*** DATASET RECORDS
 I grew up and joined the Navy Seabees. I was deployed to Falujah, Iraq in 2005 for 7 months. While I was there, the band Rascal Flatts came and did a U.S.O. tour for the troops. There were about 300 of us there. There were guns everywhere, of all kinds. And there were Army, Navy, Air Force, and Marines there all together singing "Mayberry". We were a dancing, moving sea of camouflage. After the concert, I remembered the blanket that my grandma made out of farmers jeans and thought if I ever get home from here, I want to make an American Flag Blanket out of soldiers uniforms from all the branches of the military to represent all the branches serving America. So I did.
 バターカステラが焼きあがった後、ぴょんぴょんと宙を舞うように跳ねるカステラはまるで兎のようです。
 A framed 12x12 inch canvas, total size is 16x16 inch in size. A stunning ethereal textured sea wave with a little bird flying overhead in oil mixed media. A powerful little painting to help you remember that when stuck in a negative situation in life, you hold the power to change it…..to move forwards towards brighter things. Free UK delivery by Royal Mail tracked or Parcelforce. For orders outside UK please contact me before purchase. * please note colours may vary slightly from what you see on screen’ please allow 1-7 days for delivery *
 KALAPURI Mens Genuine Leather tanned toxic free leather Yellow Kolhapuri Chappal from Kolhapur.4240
******
*** DATASET RECORDS
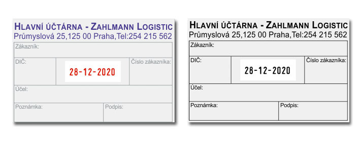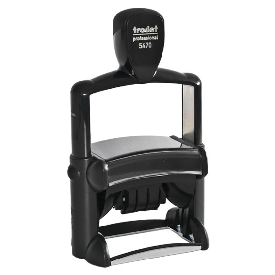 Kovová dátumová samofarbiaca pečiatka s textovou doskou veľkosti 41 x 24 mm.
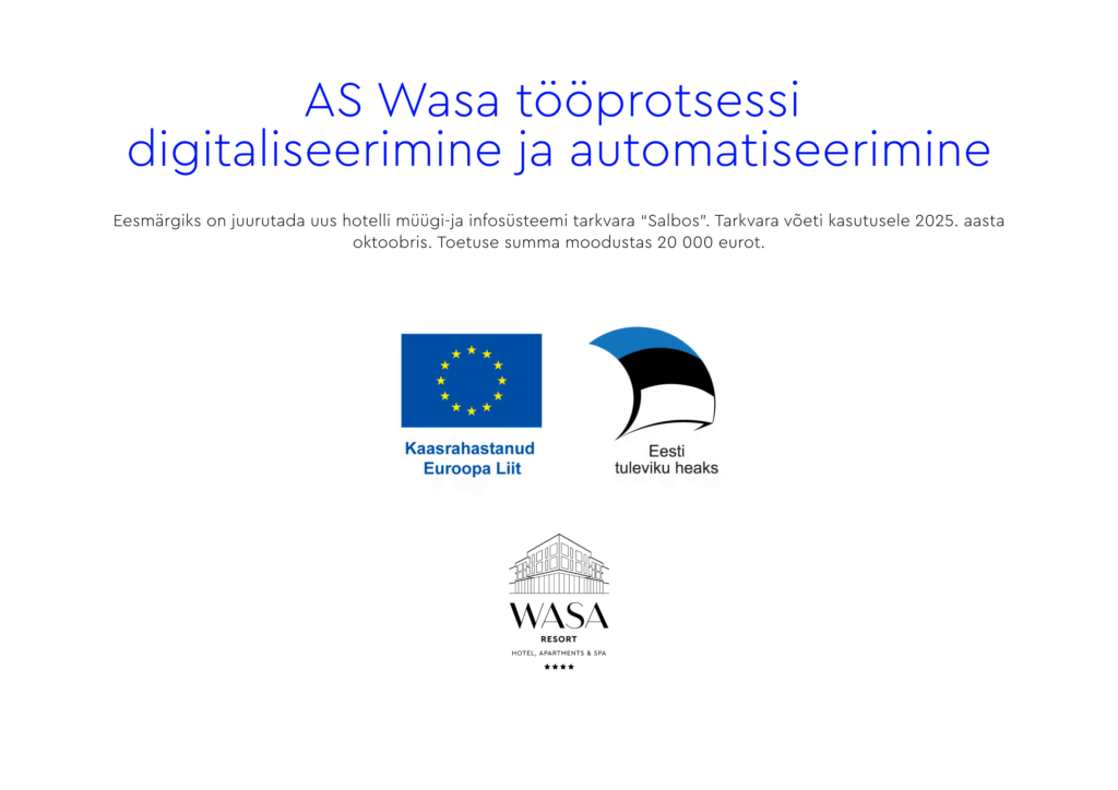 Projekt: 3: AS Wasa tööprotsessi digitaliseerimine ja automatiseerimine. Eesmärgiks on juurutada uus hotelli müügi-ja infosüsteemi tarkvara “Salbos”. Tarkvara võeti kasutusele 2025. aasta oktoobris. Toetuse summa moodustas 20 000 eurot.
******
*** DATASET RECORDS
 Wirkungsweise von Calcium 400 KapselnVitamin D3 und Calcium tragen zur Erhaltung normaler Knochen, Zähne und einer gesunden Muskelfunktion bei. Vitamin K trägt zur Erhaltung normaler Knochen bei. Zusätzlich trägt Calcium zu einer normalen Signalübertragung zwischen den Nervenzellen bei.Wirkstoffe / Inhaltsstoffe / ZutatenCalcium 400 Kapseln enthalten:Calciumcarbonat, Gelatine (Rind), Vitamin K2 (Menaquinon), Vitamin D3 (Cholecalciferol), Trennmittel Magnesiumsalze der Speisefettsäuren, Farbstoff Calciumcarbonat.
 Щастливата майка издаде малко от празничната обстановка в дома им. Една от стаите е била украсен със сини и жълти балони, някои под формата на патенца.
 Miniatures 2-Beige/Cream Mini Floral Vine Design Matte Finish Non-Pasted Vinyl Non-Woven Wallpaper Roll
******
• [PROBLEM STATEMENT] Copy verbatim, from the listing above, each line from the one containing "I grew up and" down to the one containing "KALAPURI Mens Genuine", inclusive.

• [FINAL ANSWER]
 I grew up and joined the Navy Seabees. I was deployed to Falujah, Iraq in 2005 for 7 months. While I was there, the band Rascal Flatts came and did a U.S.O. tour for the troops. There were about 300 of us there. There were guns everywhere, of all kinds. And there were Army, Navy, Air Force, and Marines there all together singing "Mayberry". We were a dancing, moving sea of camouflage. After the concert, I remembered the blanket that my grandma made out of farmers jeans and thought if I ever get home from here, I want to make an American Flag Blanket out of soldiers uniforms from all the branches of the military to represent all the branches serving America. So I did.
 バターカステラが焼きあがった後、ぴょんぴょんと宙を舞うように跳ねるカステラはまるで兎のようです。
 A framed 12x12 inch canvas, total size is 16x16 inch in size. A stunning ethereal textured sea wave with a little bird flying overhead in oil mixed media. A powerful little painting to help you remember that when stuck in a negative situation in life, you hold the power to change it…..to move forwards towards brighter things. Free UK delivery by Royal Mail tracked or Parcelforce. For orders outside UK please contact me before purchase. * please note colours may vary slightly from what you see on screen’ please allow 1-7 days for delivery *
 KALAPURI Mens Genuine Leather tanned toxic free leather Yellow Kolhapuri Chappal from Kolhapur.4240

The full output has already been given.